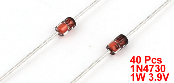 Product Name Zener Diodes Model 1N4730 Package type DO-41 Type Axial Lead Rating Voltage 3.9V Power 1W Overall Size 65 x 2mm/2.6" x 0.08"(L*D) Weight 10g Package Content 40 x Zener Diodes - Reviews
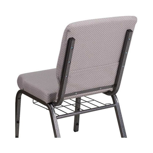 18.5''W Church Chair in Gray Dot Fabric with Book Rack - Silver Vein Frame
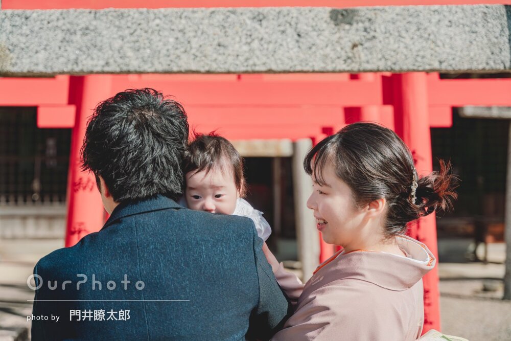 神社でのお宮参りの撮影をお願いしましたが、笑顔で子どもをあやしてくださったり、産着も着せてくださったり、あたたかいお心遣いがとても嬉しかったです。納品もすぐにしていただき、家族も写真を見て喜んでくれました。門井さんのおかげで素敵な思い出ができました。ありがとうございました。

- **Task goal**: Beginning with the line where "18.5''W Church Chair" appears, restate word for word every line down to the last one in the data, but keep the pictures out.

- **Exercise solution**:
 18.5''W Church Chair in Gray Dot Fabric with Book Rack - Silver Vein Frame
 神社でのお宮参りの撮影をお願いしましたが、笑顔で子どもをあやしてくださったり、産着も着せてくださったり、あたたかいお心遣いがとても嬉しかったです。納品もすぐにしていただき、家族も写真を見て喜んでくれました。門井さんのおかげで素敵な思い出ができました。ありがとうございました。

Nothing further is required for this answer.